Aim of the task - Starting at the line that contains "شكل رقم (٦): غمر" and stopping at the line that contains "Gambar, 3: Foto Bersama setelah kegiatan", restate each line of the records below exactly. Omit the pictures.

Dataset items:
-------

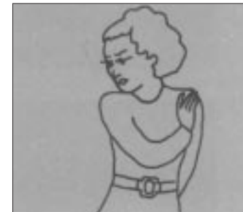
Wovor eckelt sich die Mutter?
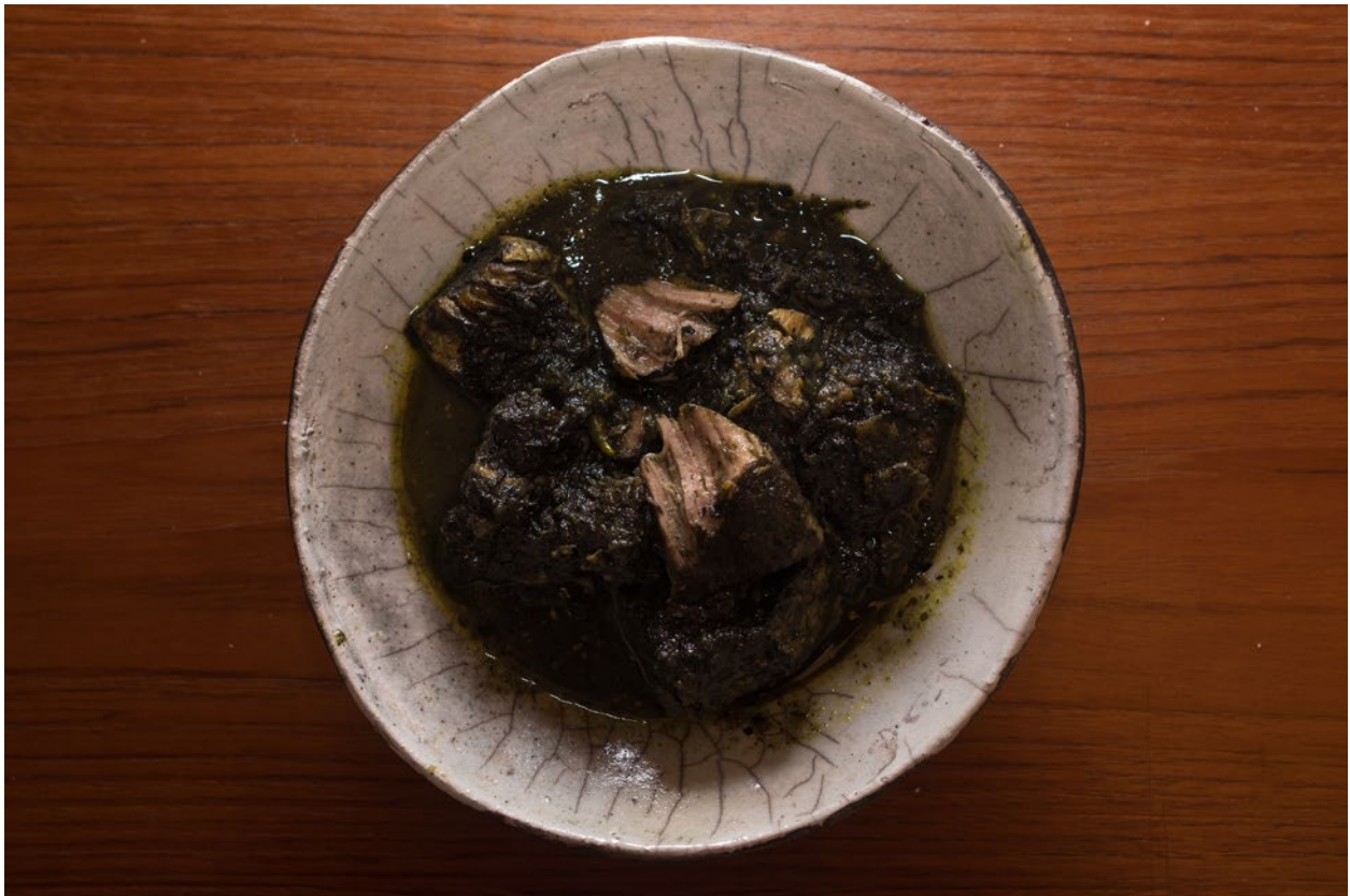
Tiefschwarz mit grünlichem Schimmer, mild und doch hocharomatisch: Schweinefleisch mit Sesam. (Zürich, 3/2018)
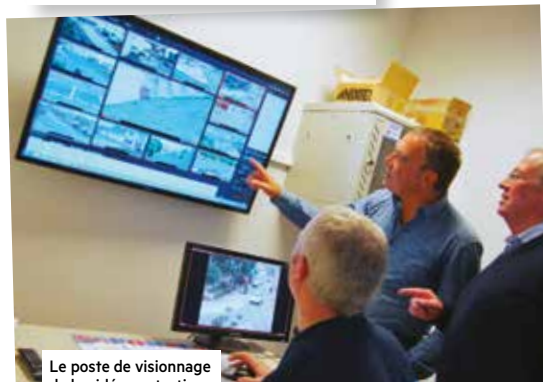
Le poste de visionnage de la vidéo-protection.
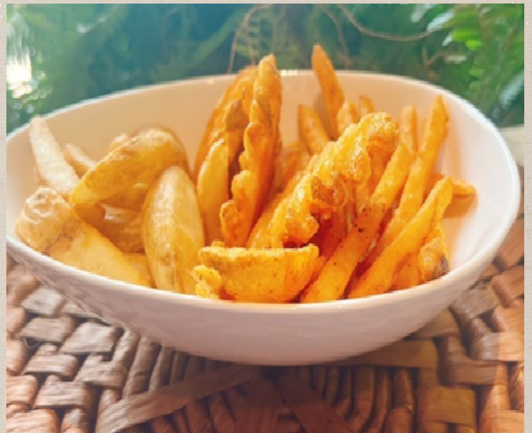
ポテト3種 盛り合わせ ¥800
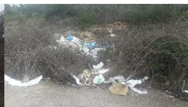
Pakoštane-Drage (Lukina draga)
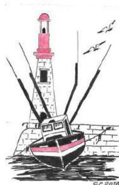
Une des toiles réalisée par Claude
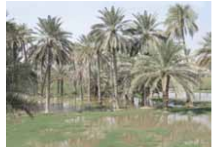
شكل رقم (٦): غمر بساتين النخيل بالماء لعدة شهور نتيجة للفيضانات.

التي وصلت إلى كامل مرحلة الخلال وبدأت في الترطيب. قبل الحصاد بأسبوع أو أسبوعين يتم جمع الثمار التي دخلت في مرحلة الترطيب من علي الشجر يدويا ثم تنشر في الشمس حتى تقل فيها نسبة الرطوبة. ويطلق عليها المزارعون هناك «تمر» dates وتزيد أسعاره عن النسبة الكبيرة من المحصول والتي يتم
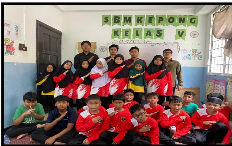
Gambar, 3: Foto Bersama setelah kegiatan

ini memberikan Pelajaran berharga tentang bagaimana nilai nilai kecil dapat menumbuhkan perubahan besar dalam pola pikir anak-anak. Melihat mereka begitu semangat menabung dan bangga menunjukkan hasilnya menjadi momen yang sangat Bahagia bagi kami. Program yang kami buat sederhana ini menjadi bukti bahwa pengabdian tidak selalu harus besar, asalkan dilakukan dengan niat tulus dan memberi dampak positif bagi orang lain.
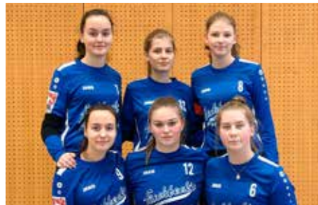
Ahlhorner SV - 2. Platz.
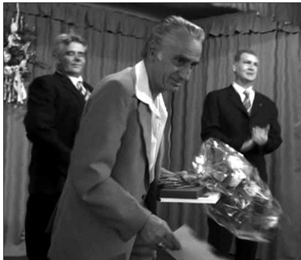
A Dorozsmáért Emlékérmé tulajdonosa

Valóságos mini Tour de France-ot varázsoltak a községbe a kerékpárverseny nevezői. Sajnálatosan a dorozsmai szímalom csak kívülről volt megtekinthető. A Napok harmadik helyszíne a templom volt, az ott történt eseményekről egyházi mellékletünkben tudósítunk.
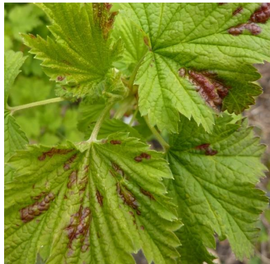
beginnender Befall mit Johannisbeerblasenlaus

-------

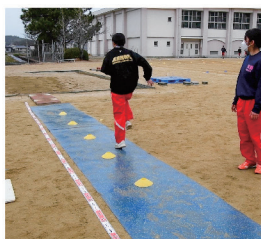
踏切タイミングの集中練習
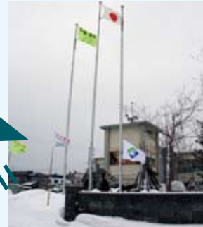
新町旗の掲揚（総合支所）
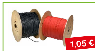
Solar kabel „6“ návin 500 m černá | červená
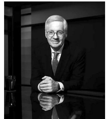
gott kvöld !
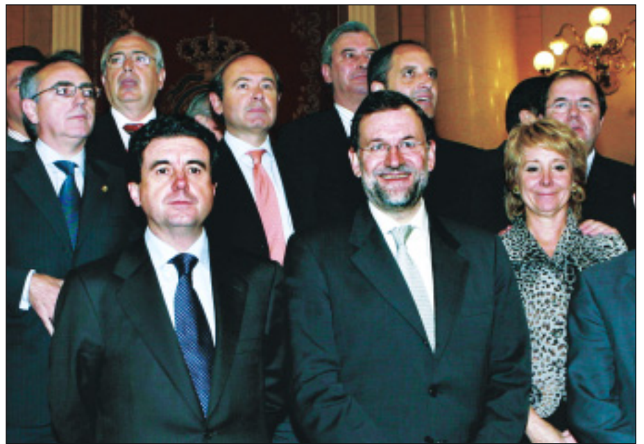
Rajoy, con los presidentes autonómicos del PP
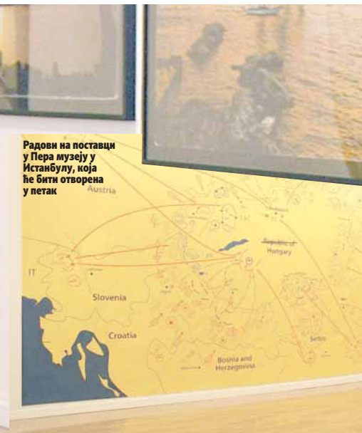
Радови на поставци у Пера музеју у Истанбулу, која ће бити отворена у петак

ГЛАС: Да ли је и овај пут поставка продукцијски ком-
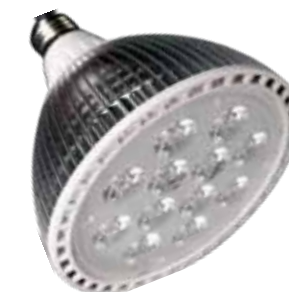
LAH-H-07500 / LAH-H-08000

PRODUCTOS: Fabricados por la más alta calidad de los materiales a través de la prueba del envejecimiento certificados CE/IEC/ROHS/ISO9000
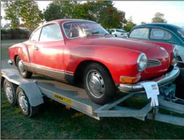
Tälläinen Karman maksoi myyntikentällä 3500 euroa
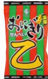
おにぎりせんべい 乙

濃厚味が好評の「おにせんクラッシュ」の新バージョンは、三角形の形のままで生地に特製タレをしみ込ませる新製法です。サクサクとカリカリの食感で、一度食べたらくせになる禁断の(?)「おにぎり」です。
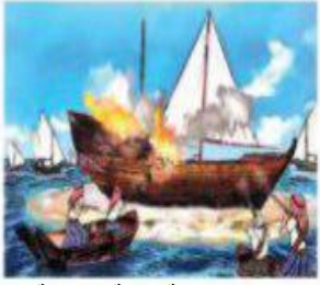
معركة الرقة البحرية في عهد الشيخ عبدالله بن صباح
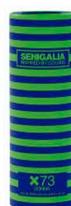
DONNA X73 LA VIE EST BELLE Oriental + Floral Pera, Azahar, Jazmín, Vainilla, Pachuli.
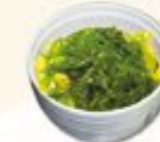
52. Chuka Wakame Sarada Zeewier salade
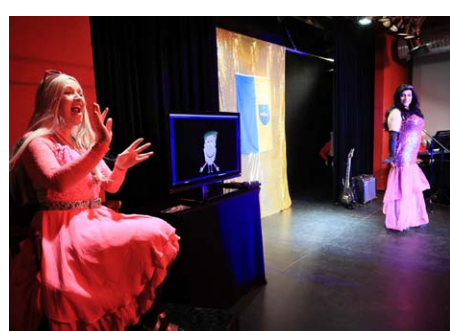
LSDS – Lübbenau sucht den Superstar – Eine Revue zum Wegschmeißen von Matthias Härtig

-------

Task solution -
شكل رقم (٦): غمر بساتين النخيل بالماء لعدة شهور نتيجة للفيضانات.

التي وصلت إلى كامل مرحلة الخلال وبدأت في الترطيب. قبل الحصاد بأسبوع أو أسبوعين يتم جمع الثمار التي دخلت في مرحلة الترطيب من علي الشجر يدويا ثم تنشر في الشمس حتى تقل فيها نسبة الرطوبة. ويطلق عليها المزارعون هناك «تمر» dates وتزيد أسعاره عن النسبة الكبيرة من المحصول والتي يتم
Gambar, 3: Foto Bersama setelah kegiatan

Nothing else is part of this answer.